*** Begin section ***

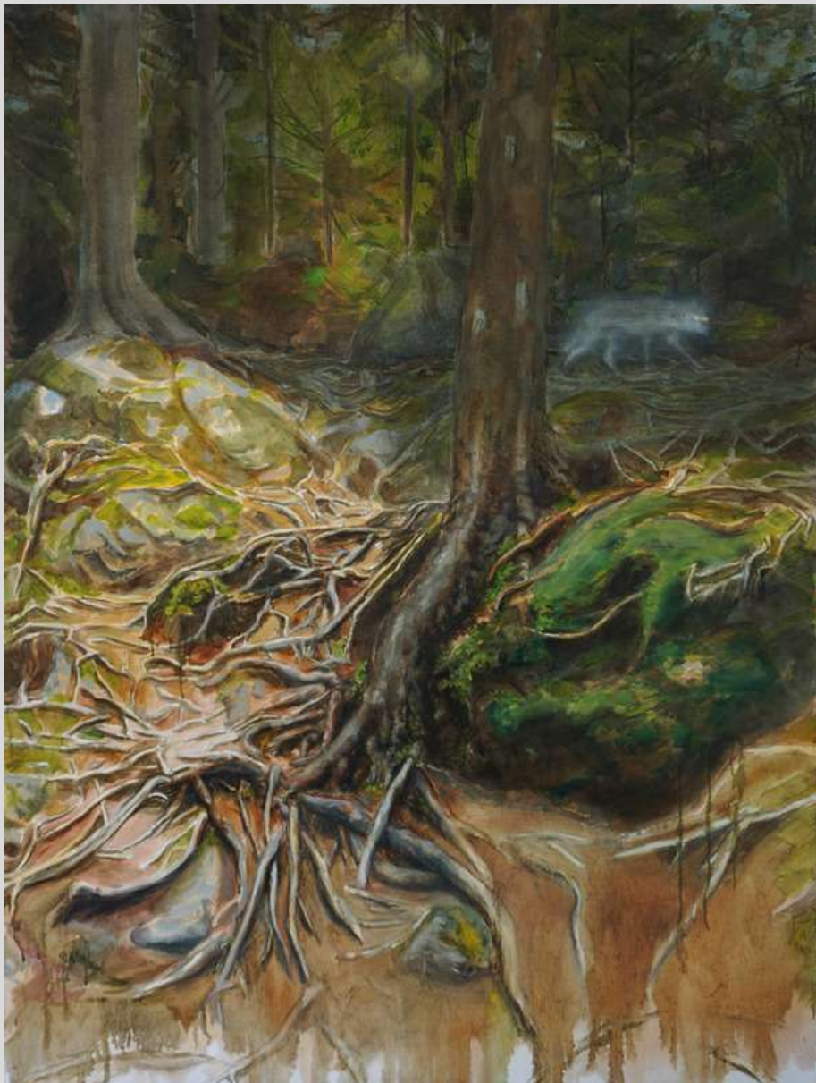
A Secret Life of Animals – White Wolf
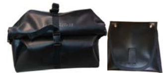
ballast sand bag 20 kg righting rope kit
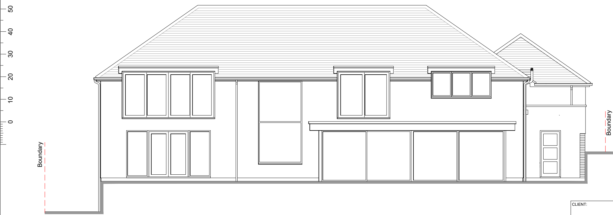
Existing rear elevation 1:100

Dashed line is approximate street/road level
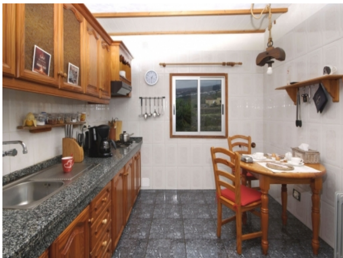
Large kitchen with dining area
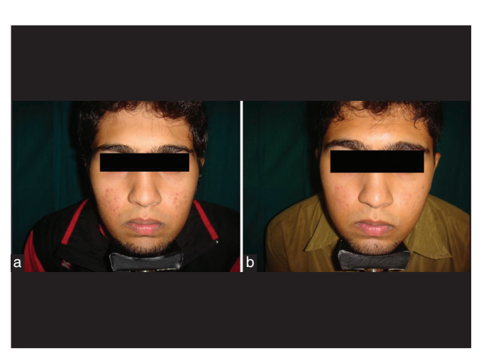
Figure 4: Patient, observer-1, and observer-2 agreed good (50-75%) improvement (a) before treatment (b) after treatment
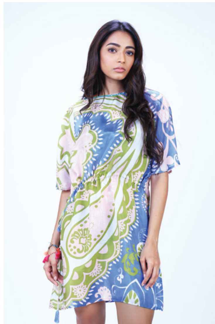
Ref: Jodha 03K Color: Pink Sizes: S, M, L
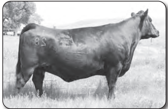
LOT 24 DAM: D R LADY BEULAH 128 DONOR DAM FOR LOTS 16-19
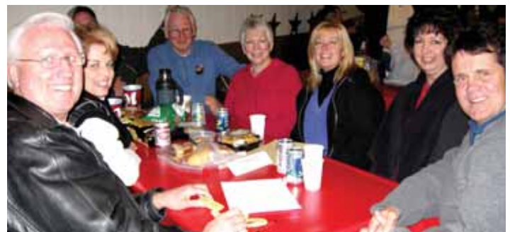
Left and above: Team Lents.
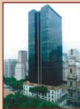
Candido Mendes University
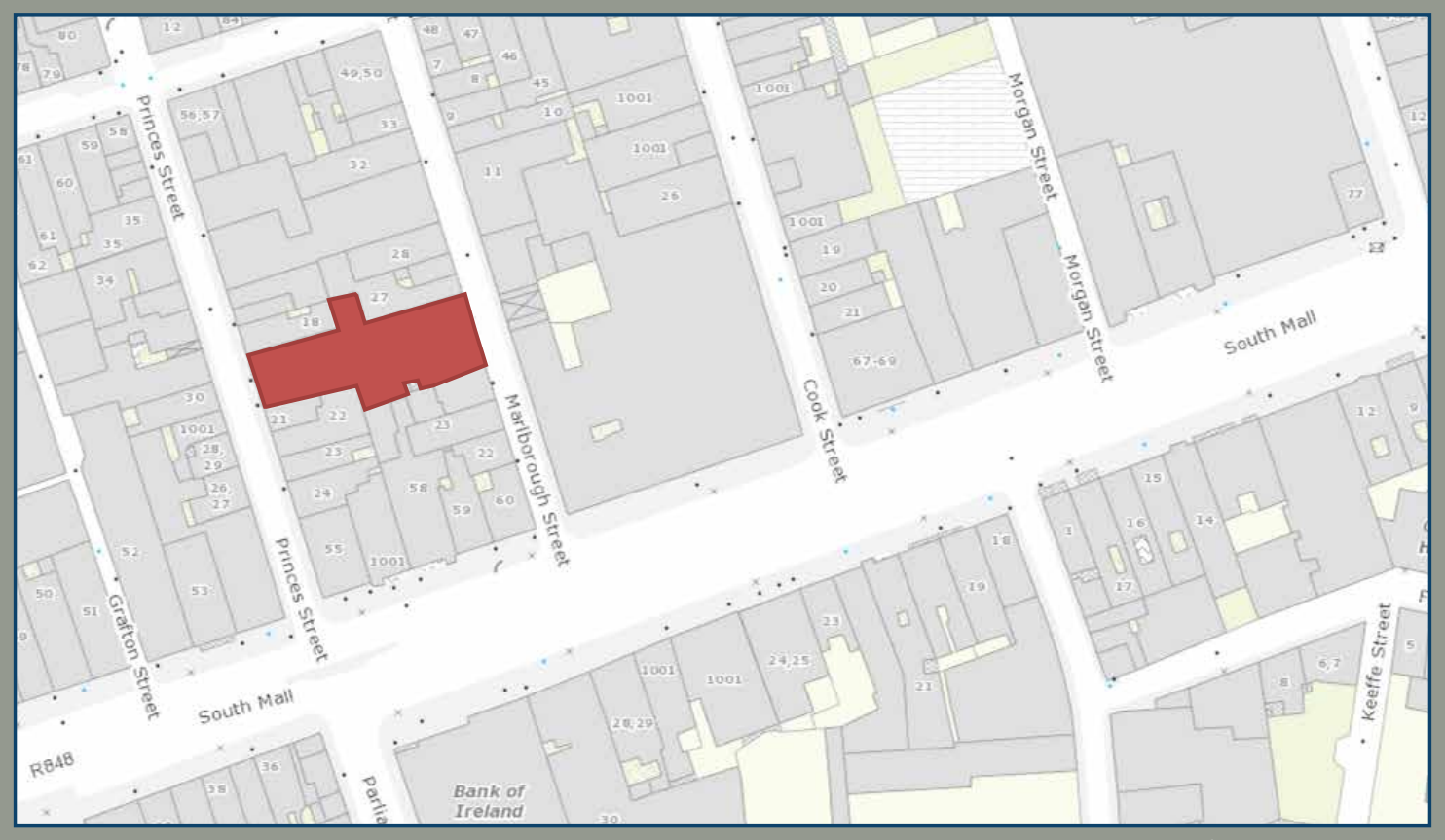
For Identification Purposes Only
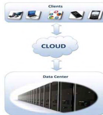
Fig. 1 Cloud computing [1]

Cloud computing has become one of the hottest buzzwords in the IT area. Many companies and institutions are rushing to define clouds and provide cloud solutions in various ways. [1]Cloud computing is Internet-based computing, whereby shared resources, software, and information are provided to computers and other devices on demand, like the electricity grid. Due to the fact it involves the existence of data centers that are able to provide services; the cloud can be seen as a unique access points for all requests coming from the world wide spread clients. [19]
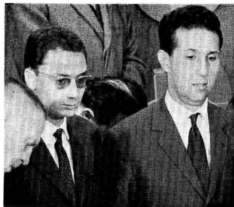
DURING NEW YORK VISIT. Shown at left with Algerian Premier Ben Bella during Idlewild Airport press conference last fall is Foreign Minister Mohammed Khemisti, 33, who was shot in Algiers April 11 by an apparently crazed assailant. Doctors say there is no chance of his recovering.

Speaking about the need to build the FLN (National Liberation
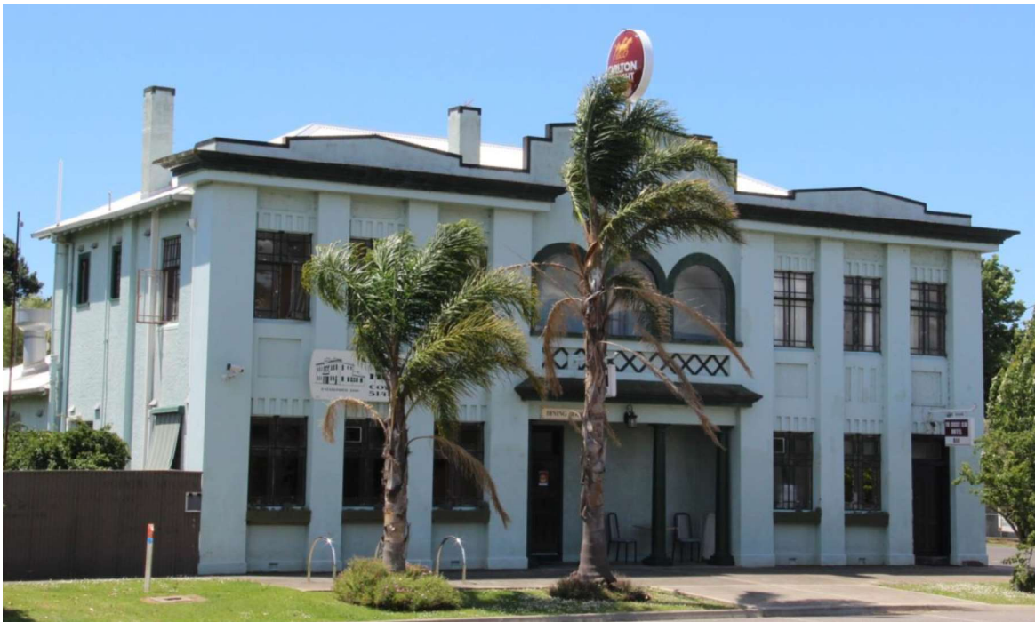
Figure D1. The two-storey symmetrical facade dominates the street with its Stripped Classical style. At the roofline is a low three-part parapet which sits above a bold cornice. Eight smooth-rendered engaged piers divide the facade into distinct vertical bays, with a large central bay with a recessed porch at ground level and balcony to the first floor.

Aerial. Modern additions extend to the rear of the hotel. Outbuildings are located at the rear of the property (dates not confirmed).

*** End section ***

**ASSIGNMENT:** Given the listing above, retype only the span of lines from the line with "ballast sand bag 20 kg righting rope kit" up to and including the line with "Fig. 1 Cloud computing [1]", exactly as it stands and without pictures.

**ANSWER TO THIS EXERCISE:**
ballast sand bag 20 kg righting rope kit
Existing rear elevation 1:100

Dashed line is approximate street/road level
Large kitchen with dining area
Figure 4: Patient, observer-1, and observer-2 agreed good (50-75%) improvement (a) before treatment (b) after treatment
Ref: Jodha 03K Color: Pink Sizes: S, M, L
LOT 24 DAM: D R LADY BEULAH 128 DONOR DAM FOR LOTS 16-19
Left and above: Team Lents.
Candido Mendes University
For Identification Purposes Only
Fig. 1 Cloud computing [1]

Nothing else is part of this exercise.